• [Data segment]:
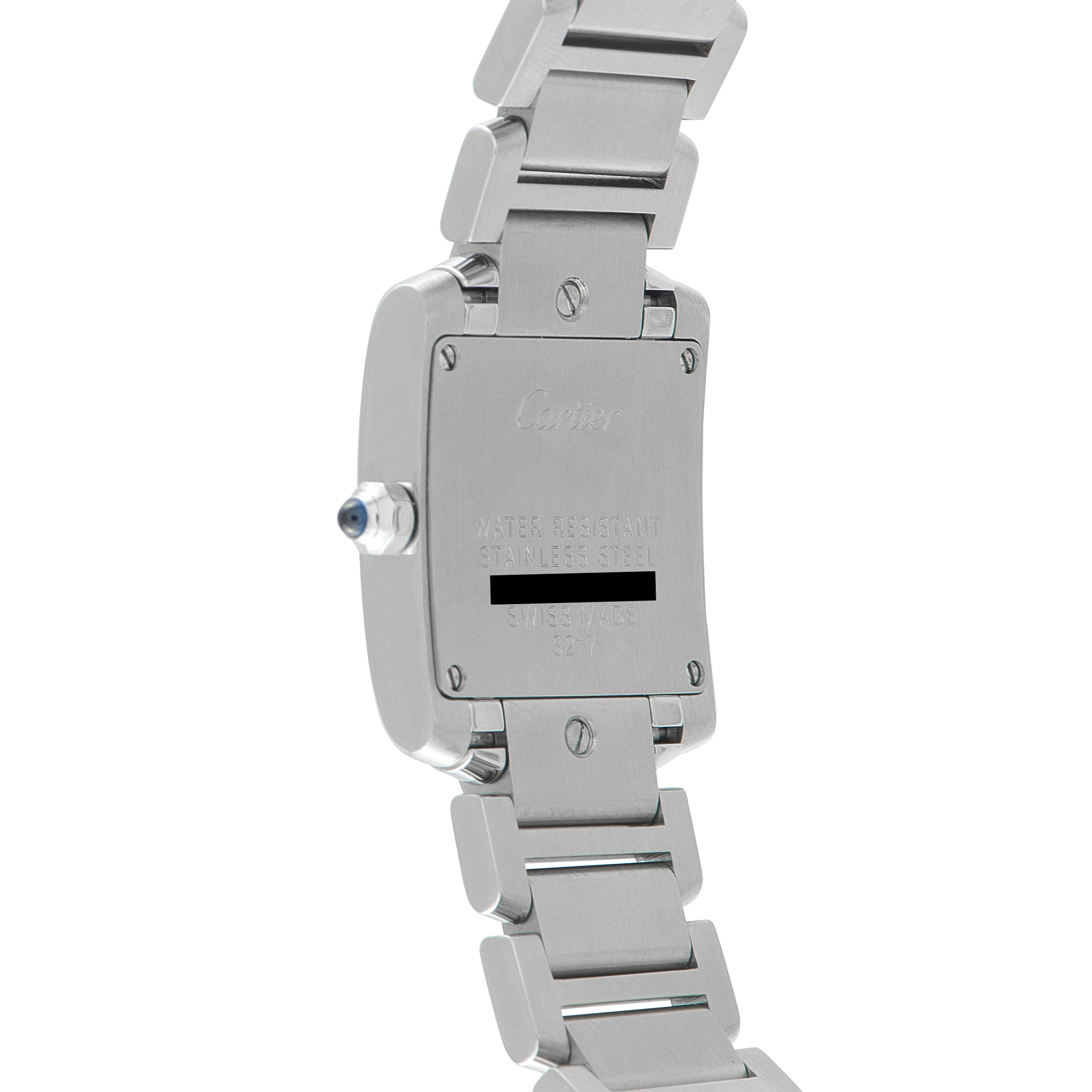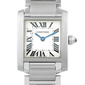 A gift box accompanies this pre-owned Cartier Tank Française Steel Ladies Watch W51008Q3.
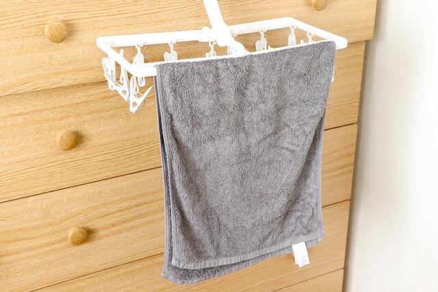 ここにタオルを干すと内側の洗濯物を目隠ししてくれる効果もあります。
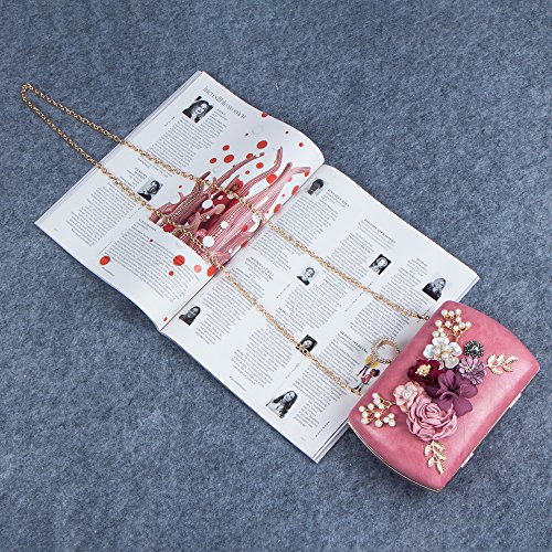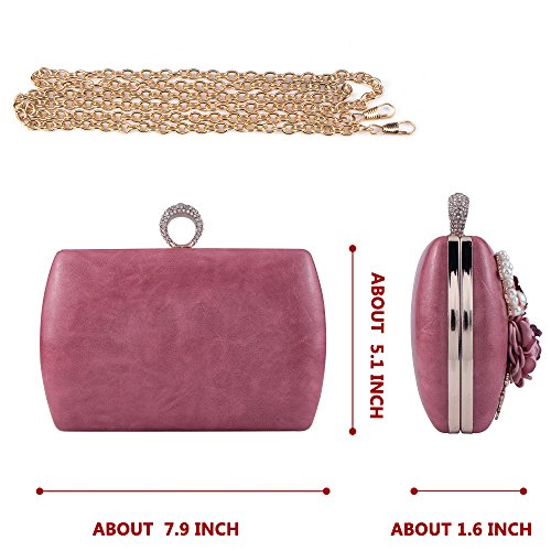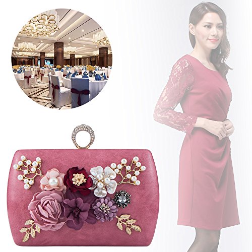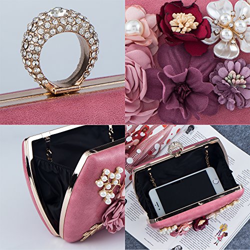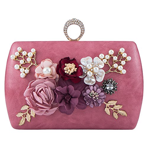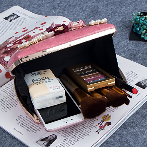 Bagood Women's 3D Flower Handbag Beaded Pearl Clutches Ring Purses Shoulder Bag for Wedding Bridal Prom Party

• [What you are asked to do]:
Pictures are skipped here. Print exactly, and only, the lines from the one holding "ここにタオルを干すと内側の洗濯物を目隠ししてくれる効果もあります。" through the final line of the material above, both ends included.

• [Answer below]:
 ここにタオルを干すと内側の洗濯物を目隠ししてくれる効果もあります。
 Bagood Women's 3D Flower Handbag Beaded Pearl Clutches Ring Purses Shoulder Bag for Wedding Bridal Prom Party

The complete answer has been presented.